Pursuant to Town Law § 209-g (1), within 10 days after the adoption of a town board’s final order or determination establishing a water district, “[t]he town clerk shall cause a certified copy of the final order ... to be duly recorded in the office of the clerk of the county in which the town is located.” Moreover, pursuant to Town Law § 209-g (2), any person aggrieved by such order or determination must commence a CPLR article 78 proceeding “within [30] days from the date of [such] recording.” Indeed, by pleading the 30-day statute of limitations prescribed by Town Law § 209-g (2), respondents raised an affirmative defense on which they bore the burden of proof (see e.g. Matter of Quantum, Health Resources v DeBuono, 273 AD2d 730, 732 [2000], appeal dismissed 95 NY2d 927 [2000]).

Evidence submitted in support of respondents’ postanswer motion to dismiss demonstrates that the Town Clerk, by letter dated September 20, 2002, sent certified copies of the resolution adopting Water District No. 3 to the Saratoga County Clerk and that the resolution was thereafter recorded on September 30, 2002. Thus, we are satisfied that respondents sufficiently demonstrated their entitlement to dismissal of this proceeding on statute of limitations grounds with respect to the challenge by Carriero and D’Amico to Water District No. 3 (see Town Law § 209-g [2]; Chiocchi v Town of Montgomery, 120 AD2d 479, 480 [1986]).
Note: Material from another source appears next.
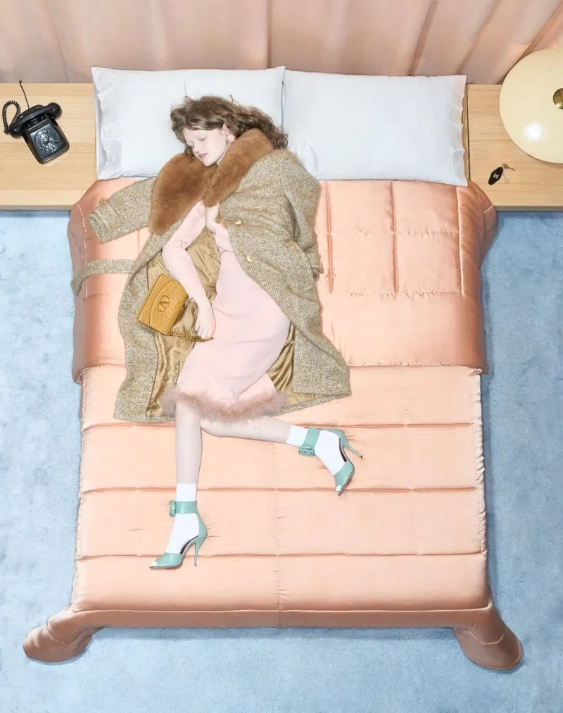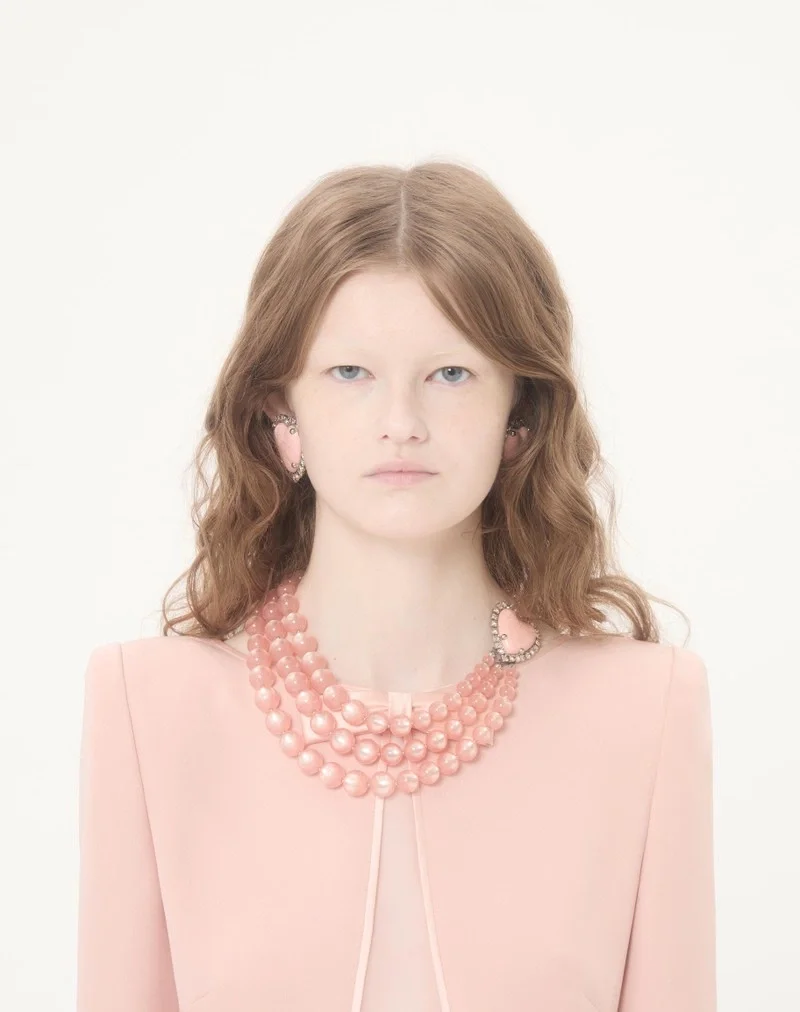 The look of the model is completed by a Valentino Garavani Panthea Bag and Valentino Garavani Drip Rose Shoes.

Respondents, however, failed to submit like evidence relative to Water District No. 4. Respondents did not submit a copy of any letter indicating that certified copies of the resolution adopting this water district were sent to the County Clerk (see Town Law § 209-g [1]) or proof that this resolution was actually recorded. In the absence of proof demonstrating that this resolution was recorded thus triggering the 30-day statute of limitations period prescribed by Town Law § 209-g (2), the proceeding should not have been dismissed as untimely with respect to the Yankowskis or Volpe (see Town Law § 209-g [2]). The proceeding is therefore remitted to Supreme Court for consideration of the merits of these petitioners’ claims.

Finally, we find that Supreme Court correctly found that all relevant statutory requirements of posting and publication were complied with by respondents (see Town Law § 209-d [1]), we reject any notion that actual notice of the public hearing was required (see Matter of Segal v Town of Thompson, 182 AD2d 1043, 1044-1045 [1992]) and we are further unpersuaded that the answer should have been stricken as a sanction for dilatory conduct.

Cardona, P.J., Peters, Spain and Rose, JJ., concur. Ordered that the judgment is modified, on the law, without costs, by reversing so much thereof as dismissed the proceeding by petitioners Walter Yankowski, Cathy Yankowski, John Volpe and Paula Volpe as untimely; matter remitted to the Supreme Court for further proceedings not inconsistent with this Court’s decision; and, as so modified, affirmed. Ordered that the appeal from the order is dismissed, without costs. 
      
       While petitioners submitted proof in support of their motion to reargue which conclusively established that the resolution creating Water District No. 4 was in fact never recorded, the denial of a motion to reargue is not appeal-able (see Matter of King v Town Council of Coxsackie, 35 AD3d 1120 [2006]; Matter of Hargett v Town of Ticonderoga, 25 AD3d 981, 981 n [2006]) and, therefore, this evidence is not properly before us (see Matter of McKelvey v White, 184 AD2d 834, 835 [1992]; see generally Collazo v Catholic Med. Ctr. of Brooklyn & Queens, 158 AD2d 573, 574 [1990]; Frank & North v Metnick, 157 AD2d 616 [1990], lv denied 76 NY2d 701 [1990]).